To resolve this issue:
  1. Change turn off firewall or increase the idle timeout on the firewall .Or you can change the value in "config.vpxd.das.fdmWaitForUpdatesTimeoutSec" settings to smaller value until the issue never shows. E.g. 30. Reducing this value increases the frequency of traffic between VC and host hence reducing the possibility of being dropped by firewall
    Note:This option is available from 5.5 u3.In earlier versions only option is to  increase the timeout setting on the firewall ( or turn off firewall ) to identify this issue is caused by network
    1. In the vSphere Web Client, navigate to the vCenter Server instance.

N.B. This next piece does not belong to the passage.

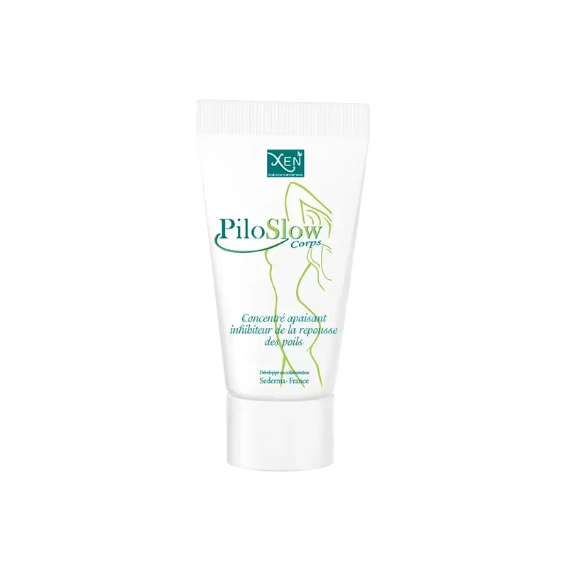 XEN PILO SLOW CORPS est un soin corporel post-épilation conçu pour hydrater la peau tout en ralentissant la repousse des poils. Sa formule innovante contient un complexe d'agents inhibiteurs qui agissent directement sur le follicule pileux après le rasage, l'épilation à la cire ou tout autre type d'épilation. En application régulière, ce soin aide à réduire la densité des poils, les rendant plus fins et plus clairs. Sa texture légère pénètre rapidement, laissant la peau douce, apaisée et parfaitement hydratée. Il est idéal pour prolonger l'intervalle entre deux épilations et garder une peau lisse plus longtemps.

    2. Select the Manage tab.
    3. Select Advanced settings.
    4. Click Edit.
    5. In the Key, type a key.
    6. In the Value field,type the value for the specified key.
    7. Click Add.
    8. Click OK.
       
  2. Change firewall settings,enlarge relevant "connection timeout" settings, consult device vendor for specific steps.
    For example
    1. Timeout:10800
    2. TCP Timeout:10800
    3. TCP Half Closed360
    4. TCP Time Wait 120
       
  3. Restart HA on the cluster.
    1. Browse to the cluster in the vSphere Web Client object navigator.
    2. Click the Manage tab and click Settings.
    3. Under Services, click Edit.
    4. Uncheck the Turn ON vSphere HA.
    5. Click OK.
    6. Click Settings again and select Turn ON vSphere HA.
    7. Click OK.
       
  4. Reconfigure HA on host level.
    1. In the vSphere Web Client select the ESXi host.
    2. Right click the ESXi host.
    3. Select All vCenter Actions > Reconfigure for vSphere HA.
NOTE: In vSphere 6.5 and above when using HTML5 based vSphere Client, the steps are similar.

       5.Move vCenter and ESXi hosts to the same subnet.